- EXERCISE INPUTS -
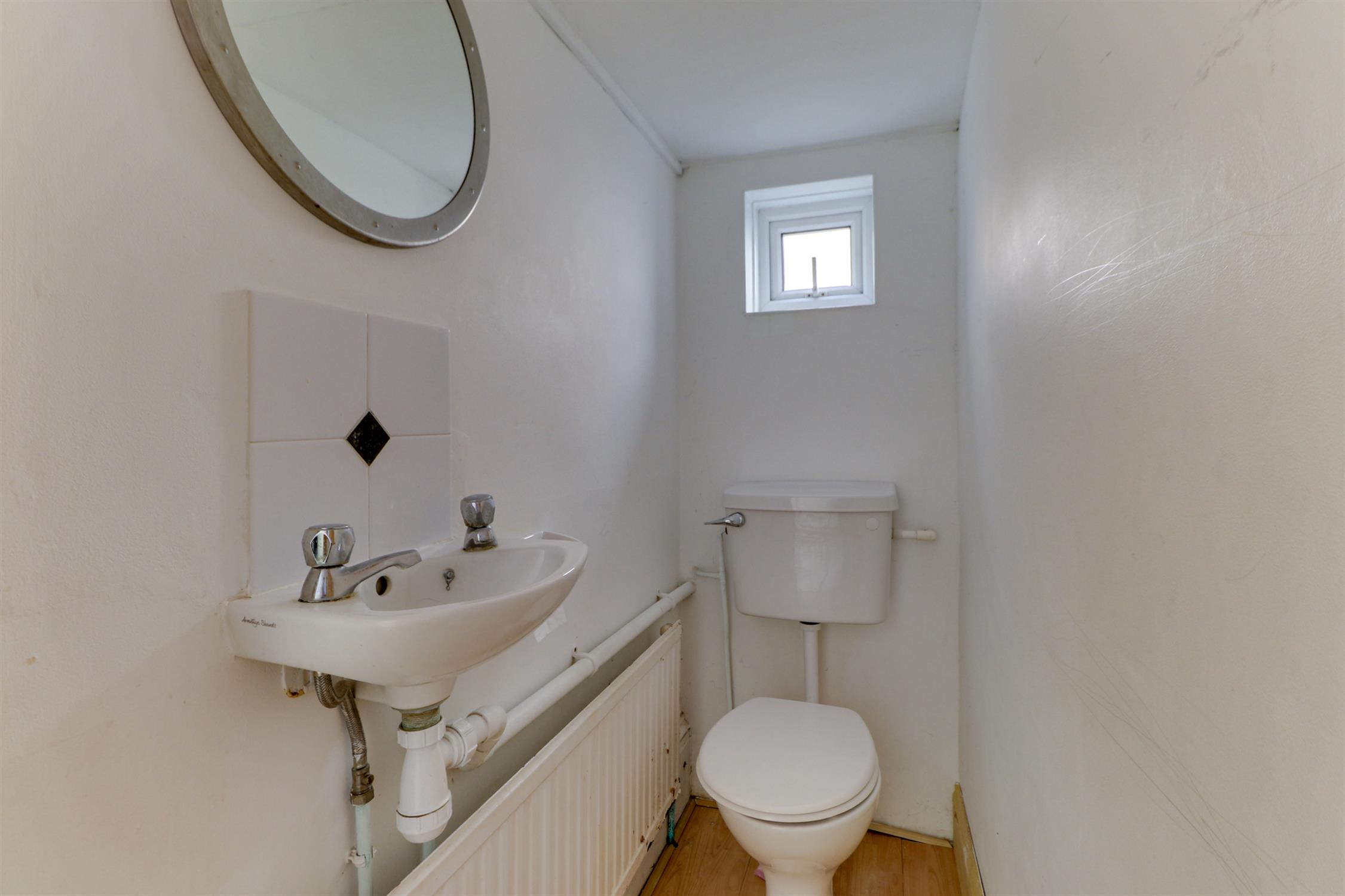 Wooden panelled ceiling, obscured UPVC double-glazed window, wash hand basin, tiled splash back, low level W.C, radiator and laminate flooring.
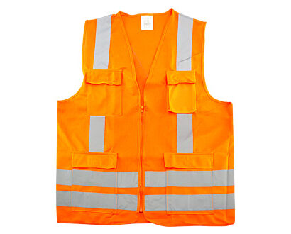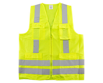 Chaleco Reflectante de Seguridad modelo «Supervisor», 100% tela poliéster 120 g/m2 fluorescente con bandas reflectantes color plateado de 5 cm. de ancho. Incluye 4 bolsillos y cierre-eclair. Cumple con norma legal vigente EN 471.
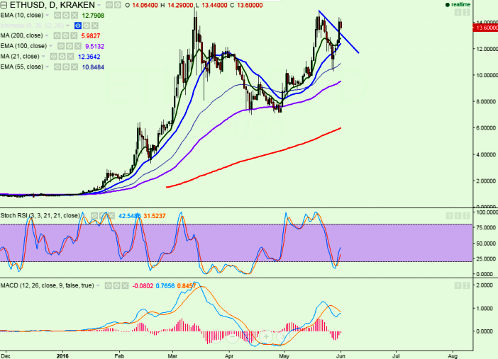 - ETH/USD price spiked higher and broken $14 resistance area .It has reached till $14.39 and started to decline from that level. It is currently trading around $13.64.
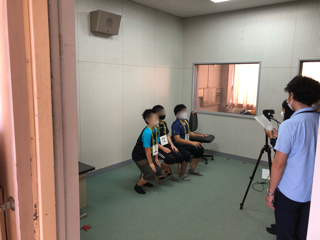 テレビの画面に3人の児童が映し出されると、「だれが空気椅子に座っているでしょ
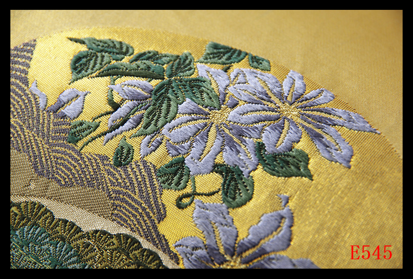 綾織地の上に、さらに多彩な色糸を使い、柄を刺繍のように立体的縫い取りで織り出す技法でした豪華絢爛な織物のことで。錦地の中で最も高級とされる織物です
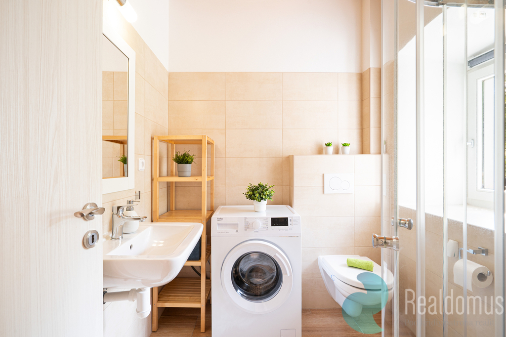 – Koupelna se sprchovým koutem, WC a pračkou
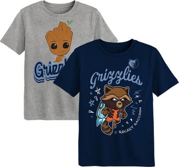 Bring the excitement of the Memphis Grizzlies and the Guardians of the Galaxy together with this fun two-piece T-Shirt set. One shirt features Groot and the team wordmark, while the other stars Rocket Raccoon alongside bold team graphics. This set is perfect for your little one to rep their favorite team and Marvel characters at the same time.
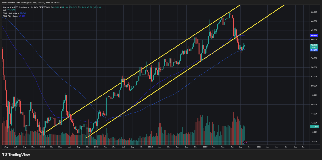 Die Stärke von Altcoins bedeutet nicht zwangsläufig eine Schwäche von Bitcoin. Bitcoin kann weiter steigen, auch wenn Altcoins es outperformen und die Bitcoin-Dominanz dadurch schrumpft. Die technische Analyse zeigt, dass Bitcoin trotz eines Dominanzrückgangs von 65,8% auf 57,8% robust bleibt, gestützt durch Rebounds am 50-Wochen-Durchschnitt (60,7%) und 100-Wochen-Durchschnitt (57,8%). Diese Unterstützungen deuten auf eine stabile Basis für weitere Kurssteigerungen hin.
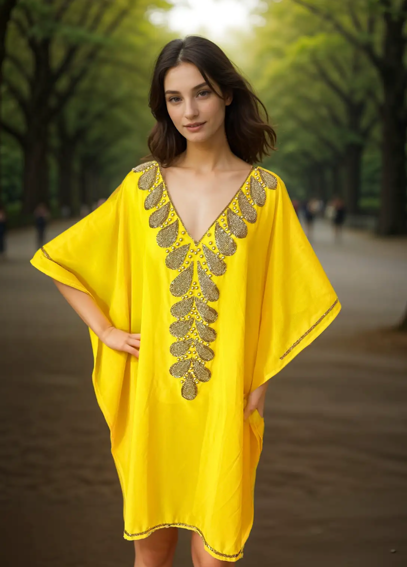 Wrap yourself in luxurious softness with our premium fabric selection, carefully chosen to provide a sensation of sheer indulgence against your skin. Whether it's a leisurely day at home, a stroll along the beach, or an evening soirée, our kaftan effortlessly elevates your style with its flowing silhouette and timeless charm.
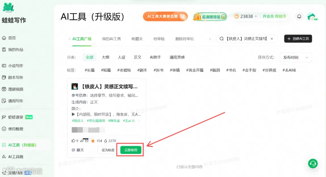 就在我上周又一次陷入这种“码字后贤者时间”时,我在蛙蛙写作的AI工具广场里,发现了一个名字很“嚣张”的工具——【铁皮人】灵感正文续写器。
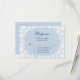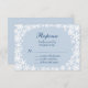 Des flocons de neige délicats dans un motif en dentelle, sur un arrière - plan bleu glacé, mettent en valeur cette RSVP de coordination pour la dentelle d'hiver sur le Faire-part de mariage bleu Icy. Il est montré sur le papier de base; cependant, je recommande le poids et la texture élégants du papier de lin, ou l'effet chatoyant du papier de glace métallique pour l'impression.
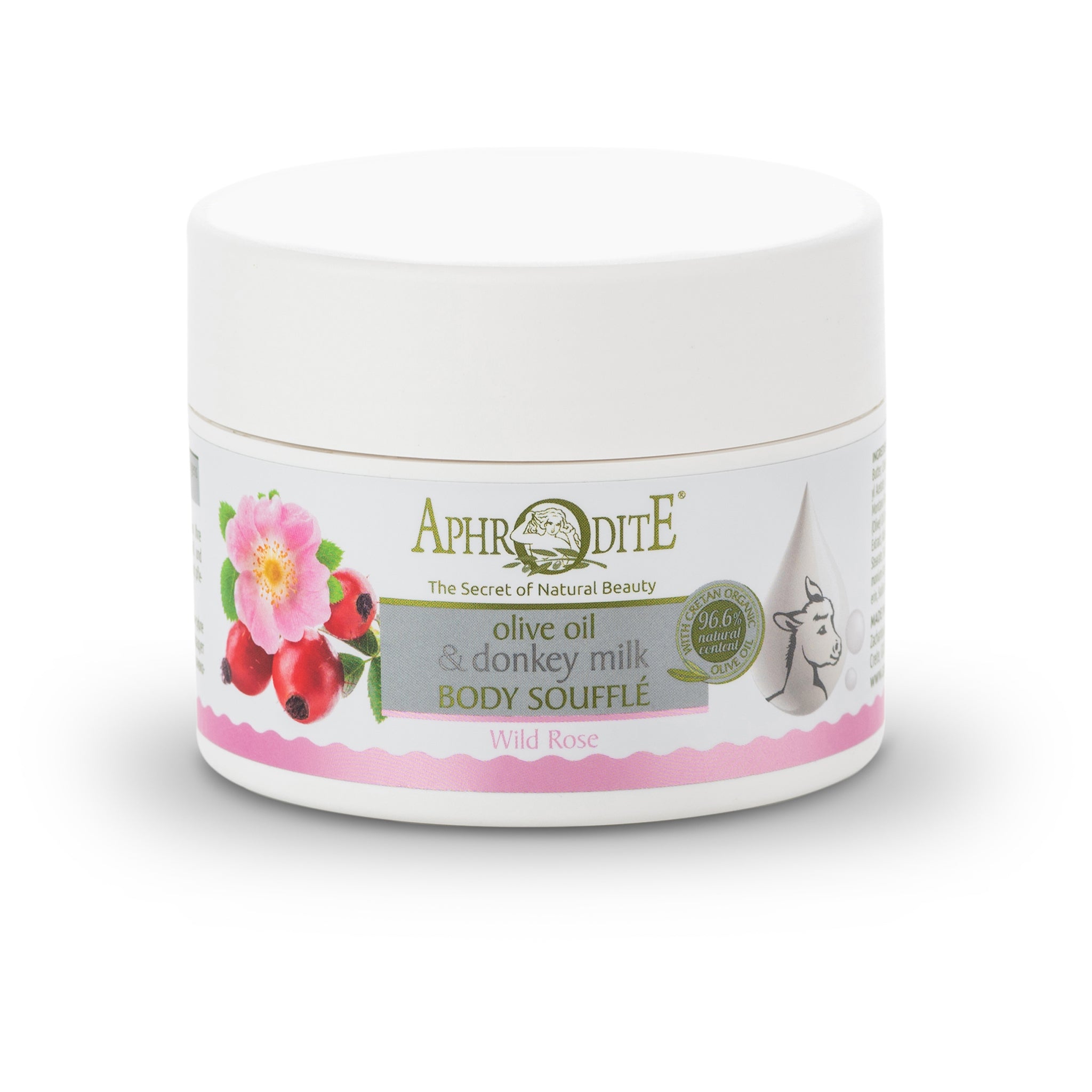 Met de zachtheid van een romig geklopte mousse en de luchtigheid van een soufflé krijg je met deze moisturizer wel een heel bijzondere wellness-beleving. De natuurlijke body soufflé met ezelinnenmelk en wilde roos van Aphrodite natuurlijke cosmetica geniet je namelijk van perfecte, zijdezachte hydratatie in een zeer prettige textuur. De lobbige soufflé smeert zo fijn uit dat het smelt in de huid en direct zorgt voor een ademende hydratatie en satijnzachte souplesse. Dankzij de vele natuurlijke plantextracten hét product voor de droge, poreuze en gevoelige huid.
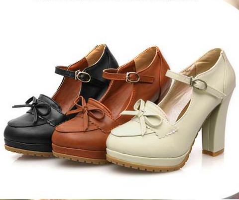 Cute Mid Heel Bow Shoes. Three Colors Available zc-3000
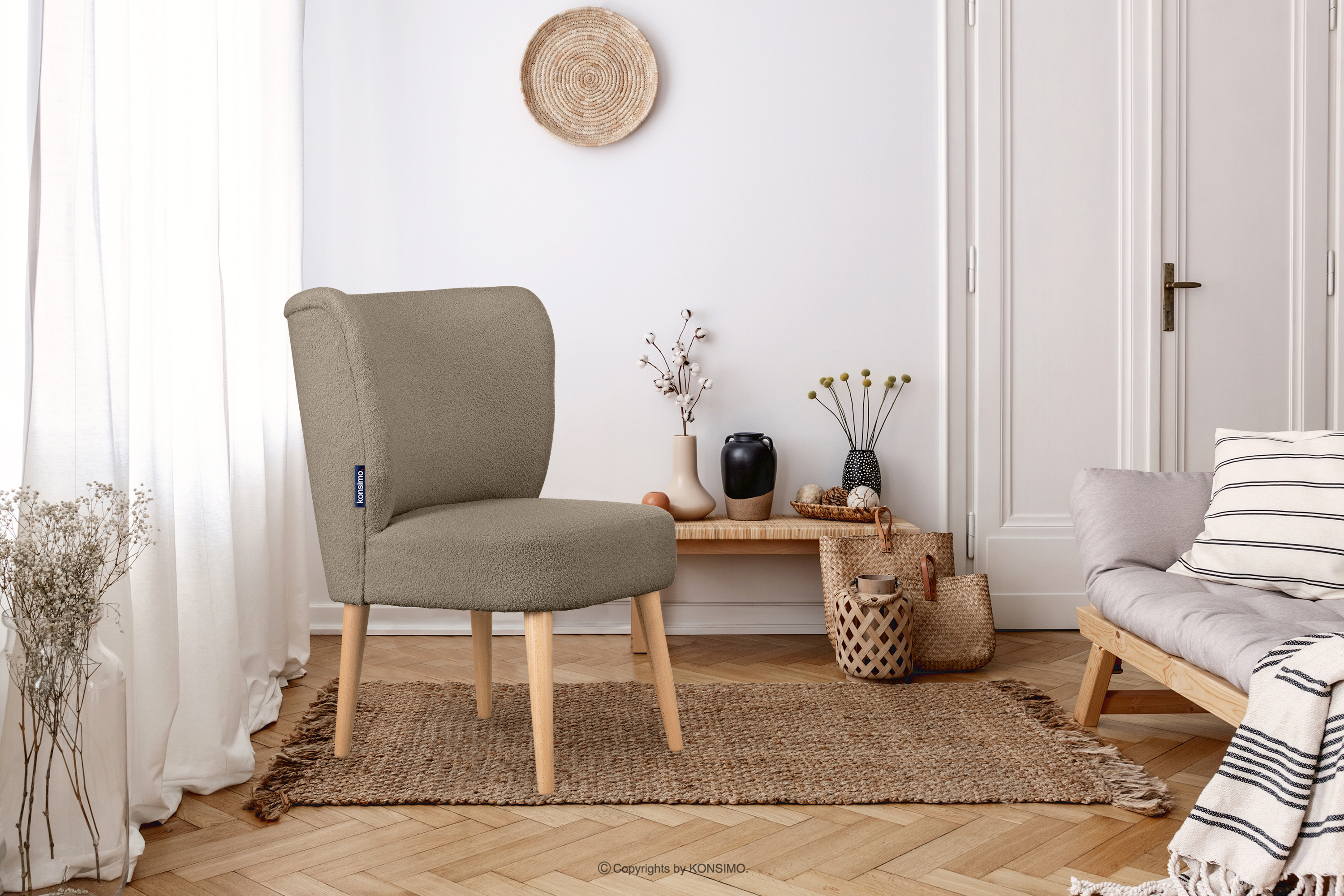 für das Produkt Hochbeiniger Sessel in Stoff dunkelbeige Bouclé

- ACTION ITEM -
Word for word, repeat the lines above from the one with "- ETH/USD price" through the one with "WC a pračkou", and nothing beyond them. Omit the pictures.

- ANSWER TO THE EXERCISE -
 - ETH/USD price spiked higher and broken $14 resistance area .It has reached till $14.39 and started to decline from that level. It is currently trading around $13.64.
 テレビの画面に3人の児童が映し出されると、「だれが空気椅子に座っているでしょ
 綾織地の上に、さらに多彩な色糸を使い、柄を刺繍のように立体的縫い取りで織り出す技法でした豪華絢爛な織物のことで。錦地の中で最も高級とされる織物です
 – Koupelna se sprchovým koutem, WC a pračkou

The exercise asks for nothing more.